**Action item**
An exact repeat is needed of the lines from the one with "Diese geräumige Tasche" through the last line of the data below. Please omit the pictures.

**Source data**
- - - -

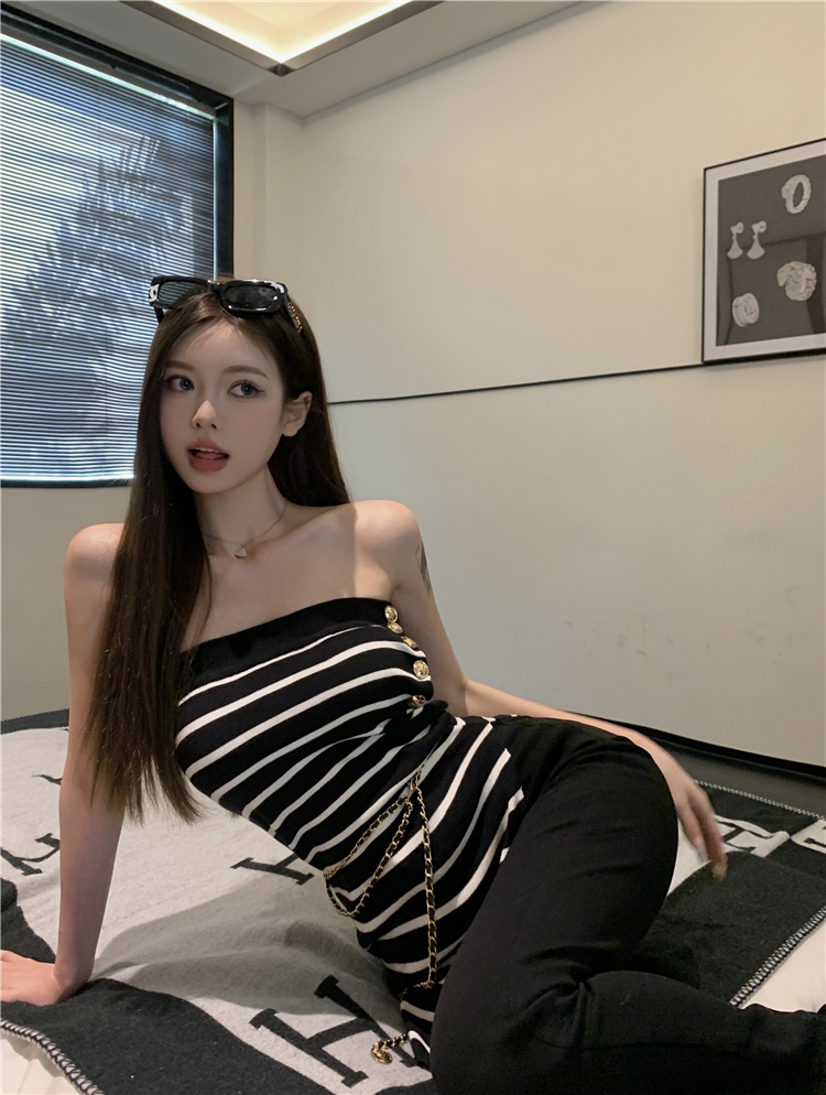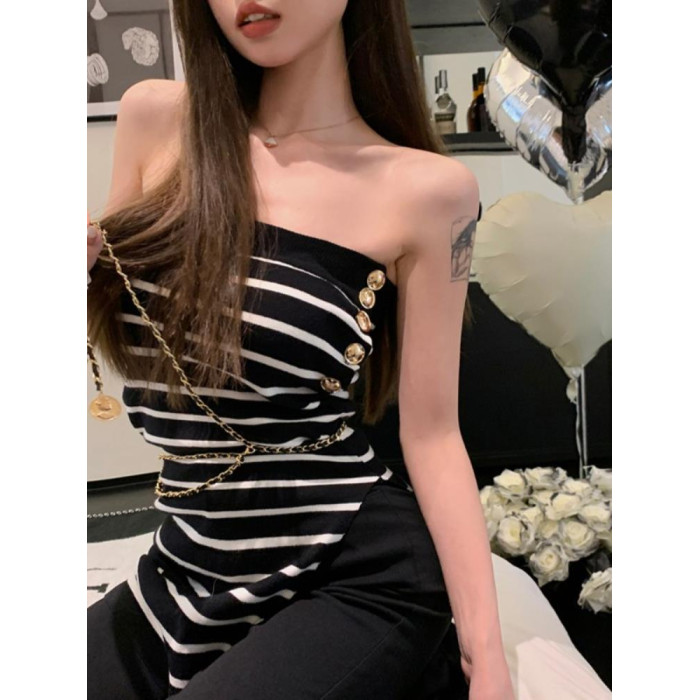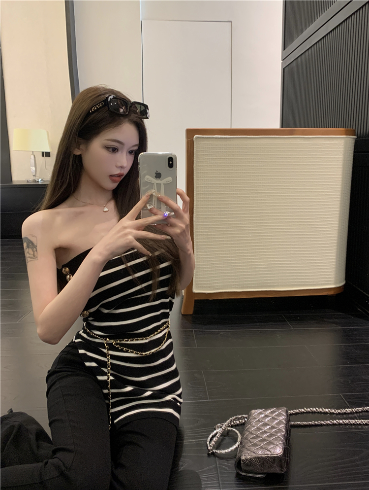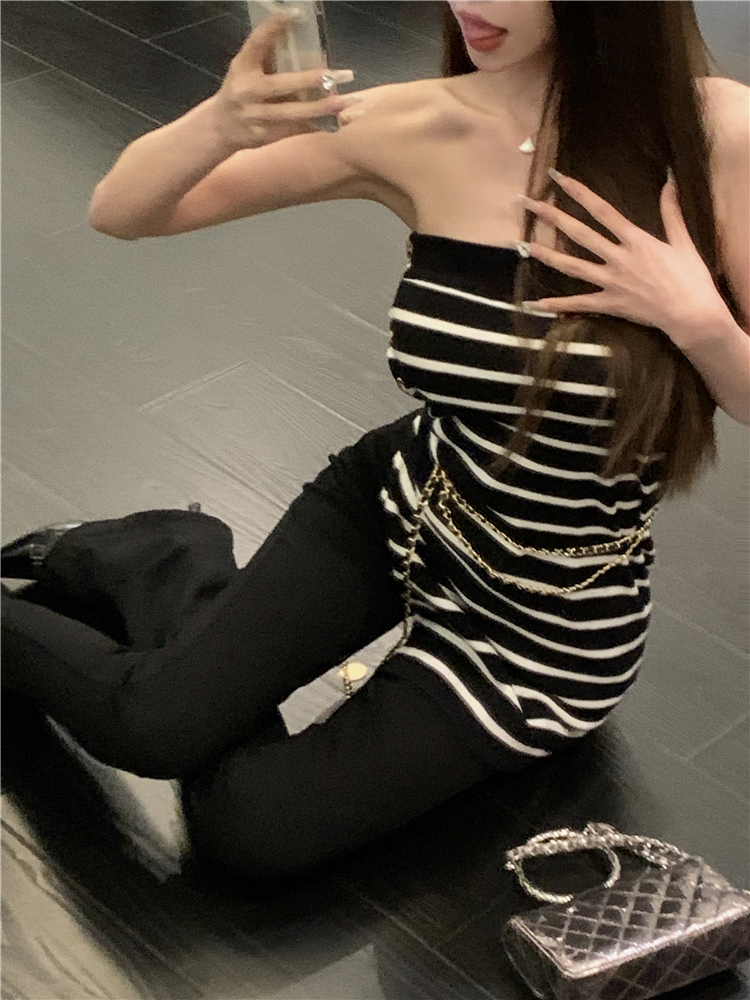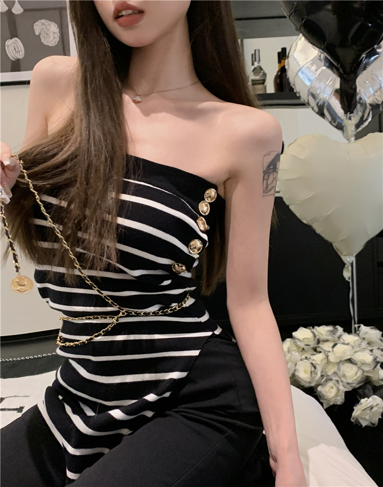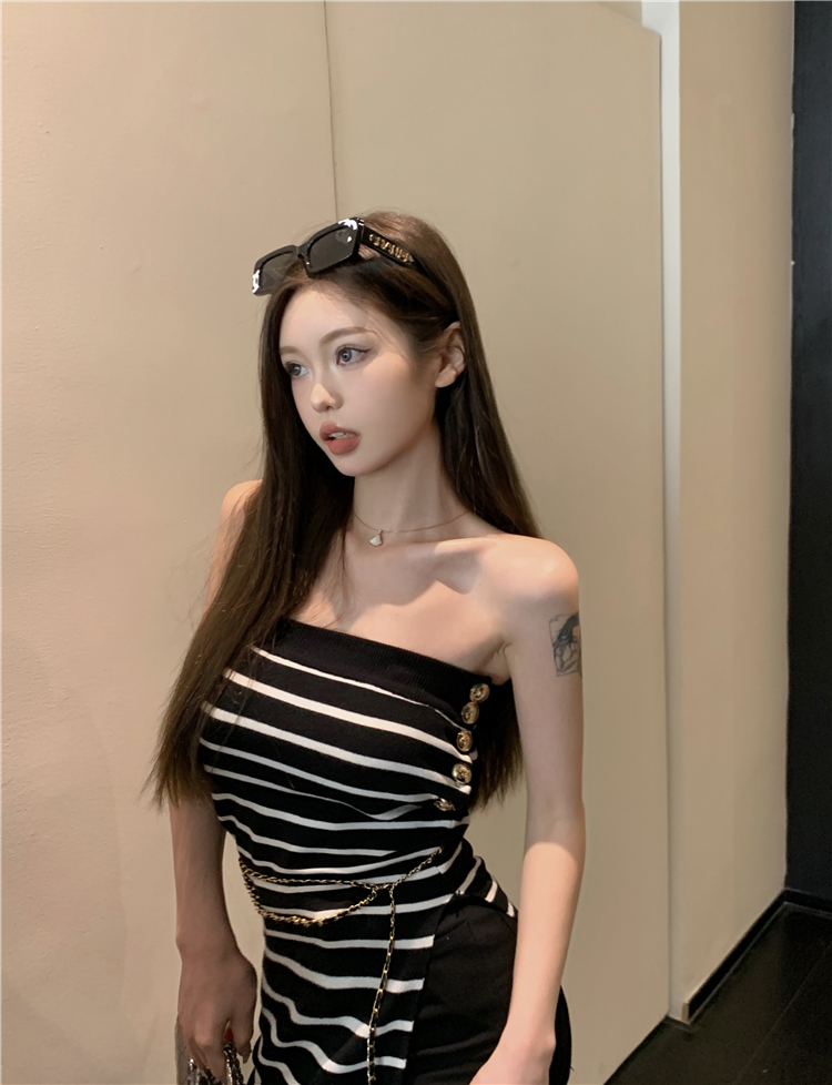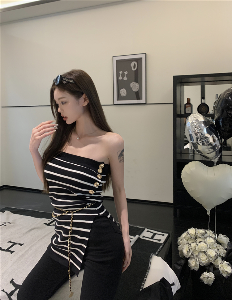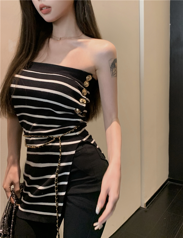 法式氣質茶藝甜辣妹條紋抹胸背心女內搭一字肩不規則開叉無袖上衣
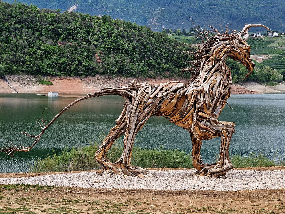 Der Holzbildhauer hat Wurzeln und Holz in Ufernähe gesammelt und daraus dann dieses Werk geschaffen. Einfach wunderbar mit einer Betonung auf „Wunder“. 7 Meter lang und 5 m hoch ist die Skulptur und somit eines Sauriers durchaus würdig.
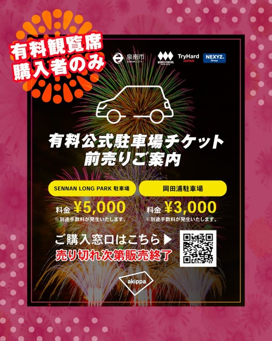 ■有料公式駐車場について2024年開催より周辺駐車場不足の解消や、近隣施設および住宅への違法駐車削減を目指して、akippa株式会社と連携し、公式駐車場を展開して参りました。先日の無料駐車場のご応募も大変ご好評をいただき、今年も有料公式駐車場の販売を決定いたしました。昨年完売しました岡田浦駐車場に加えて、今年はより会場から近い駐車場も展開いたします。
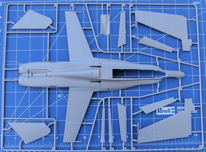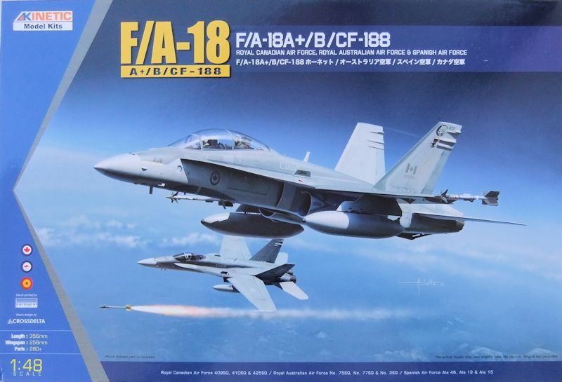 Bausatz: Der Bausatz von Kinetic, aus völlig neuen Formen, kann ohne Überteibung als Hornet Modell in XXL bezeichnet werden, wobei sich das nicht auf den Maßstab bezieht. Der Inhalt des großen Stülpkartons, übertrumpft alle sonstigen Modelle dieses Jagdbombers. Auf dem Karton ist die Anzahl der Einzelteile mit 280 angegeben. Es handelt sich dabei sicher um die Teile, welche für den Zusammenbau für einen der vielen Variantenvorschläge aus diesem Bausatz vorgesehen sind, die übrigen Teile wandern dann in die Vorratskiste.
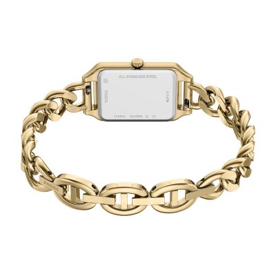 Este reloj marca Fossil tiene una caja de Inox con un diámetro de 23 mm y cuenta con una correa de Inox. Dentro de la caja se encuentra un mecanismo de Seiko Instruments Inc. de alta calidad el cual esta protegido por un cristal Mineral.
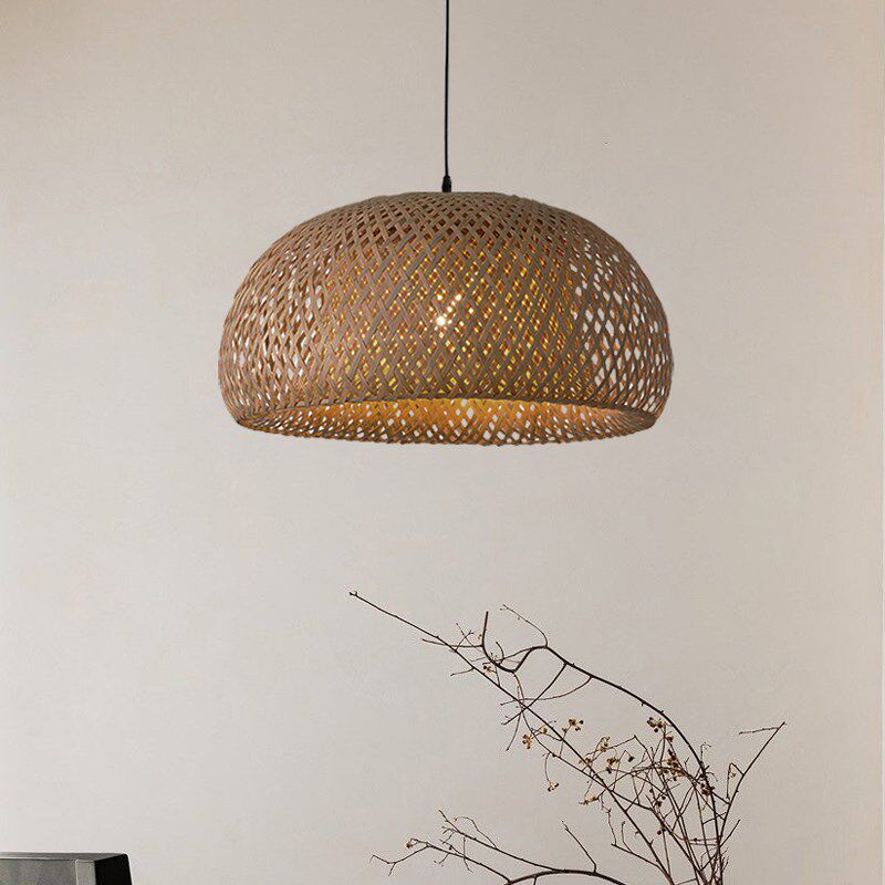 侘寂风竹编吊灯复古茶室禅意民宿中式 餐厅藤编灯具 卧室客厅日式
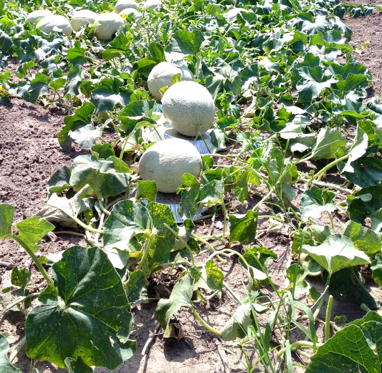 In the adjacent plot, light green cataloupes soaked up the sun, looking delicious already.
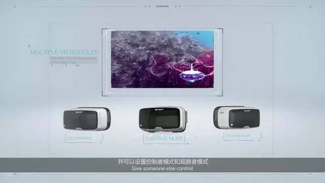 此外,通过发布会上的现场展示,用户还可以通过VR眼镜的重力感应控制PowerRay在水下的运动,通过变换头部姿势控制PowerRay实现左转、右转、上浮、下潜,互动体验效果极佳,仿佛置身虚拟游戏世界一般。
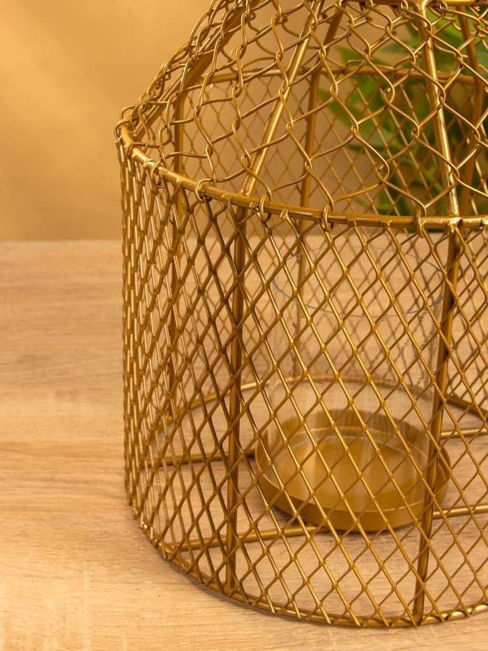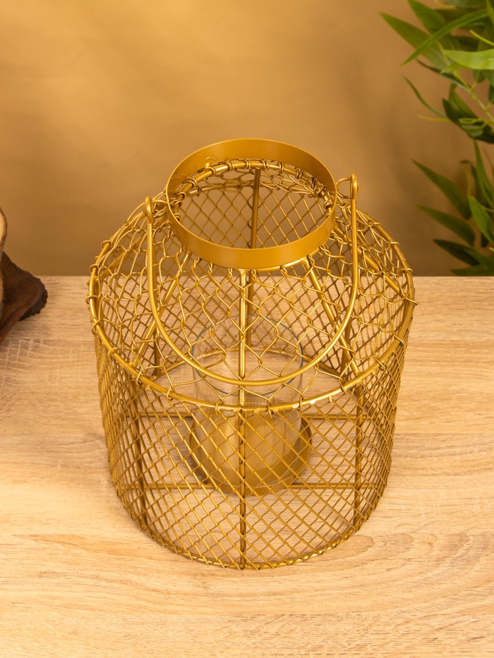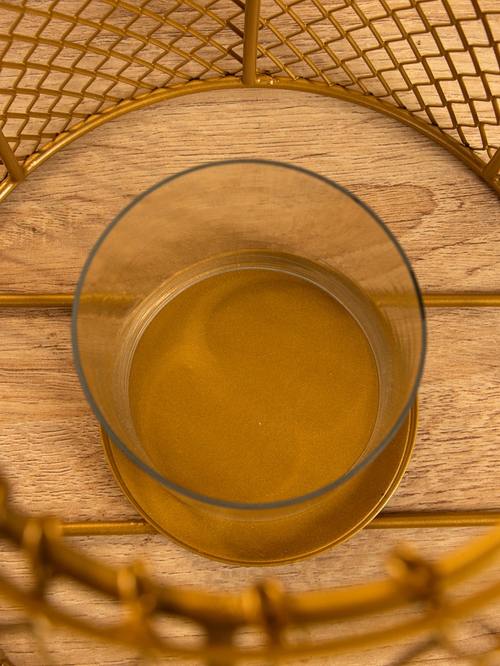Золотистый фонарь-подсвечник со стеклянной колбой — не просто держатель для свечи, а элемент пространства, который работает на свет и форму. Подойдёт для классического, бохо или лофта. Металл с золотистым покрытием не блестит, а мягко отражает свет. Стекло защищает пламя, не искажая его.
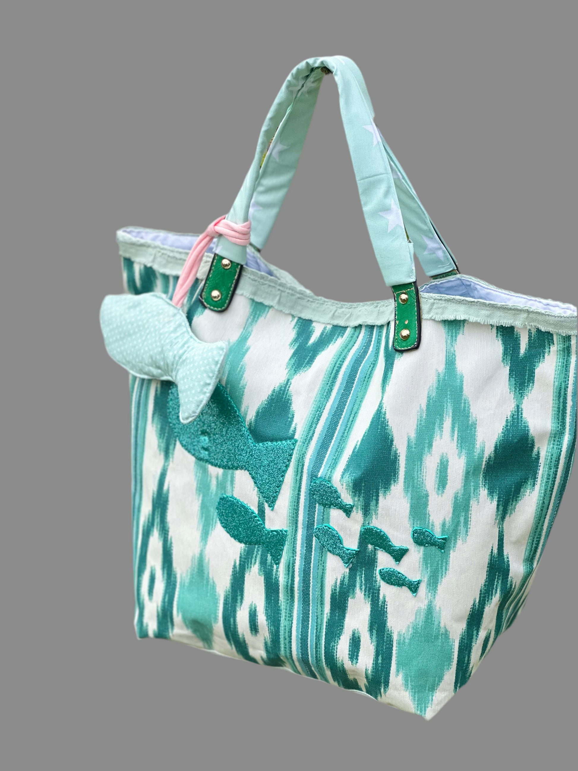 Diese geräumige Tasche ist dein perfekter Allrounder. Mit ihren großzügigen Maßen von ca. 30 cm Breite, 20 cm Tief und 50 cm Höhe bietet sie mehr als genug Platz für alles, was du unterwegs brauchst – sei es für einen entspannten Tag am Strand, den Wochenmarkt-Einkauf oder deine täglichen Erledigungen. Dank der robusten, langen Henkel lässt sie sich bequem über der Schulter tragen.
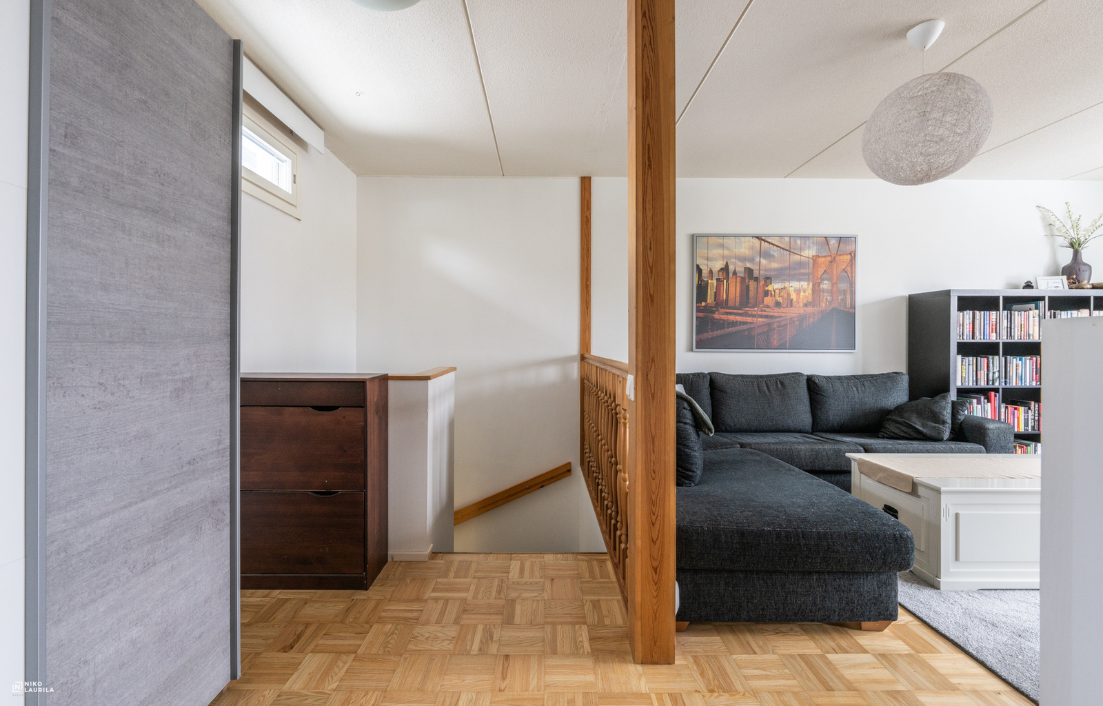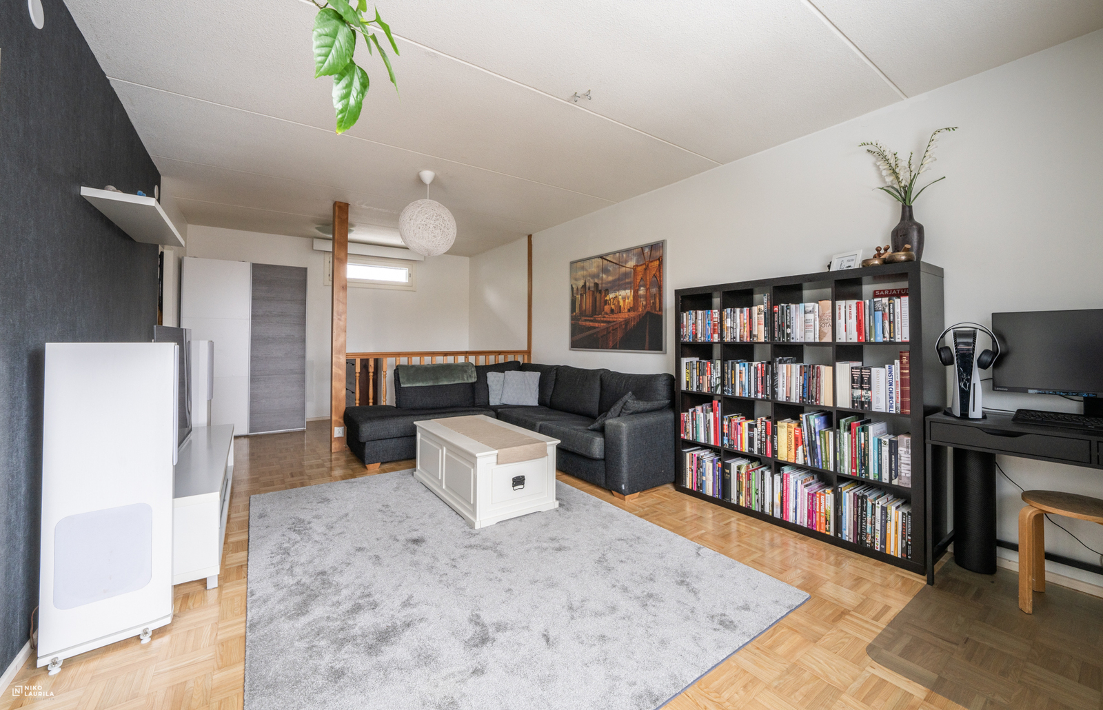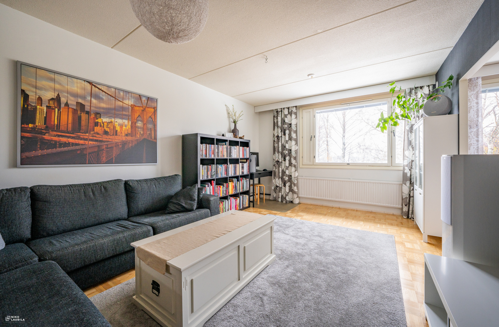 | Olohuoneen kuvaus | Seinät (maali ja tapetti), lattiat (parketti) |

- - - -

**Result for this task**
 Diese geräumige Tasche ist dein perfekter Allrounder. Mit ihren großzügigen Maßen von ca. 30 cm Breite, 20 cm Tief und 50 cm Höhe bietet sie mehr als genug Platz für alles, was du unterwegs brauchst – sei es für einen entspannten Tag am Strand, den Wochenmarkt-Einkauf oder deine täglichen Erledigungen. Dank der robusten, langen Henkel lässt sie sich bequem über der Schulter tragen.
 | Olohuoneen kuvaus | Seinät (maali ja tapetti), lattiat (parketti) |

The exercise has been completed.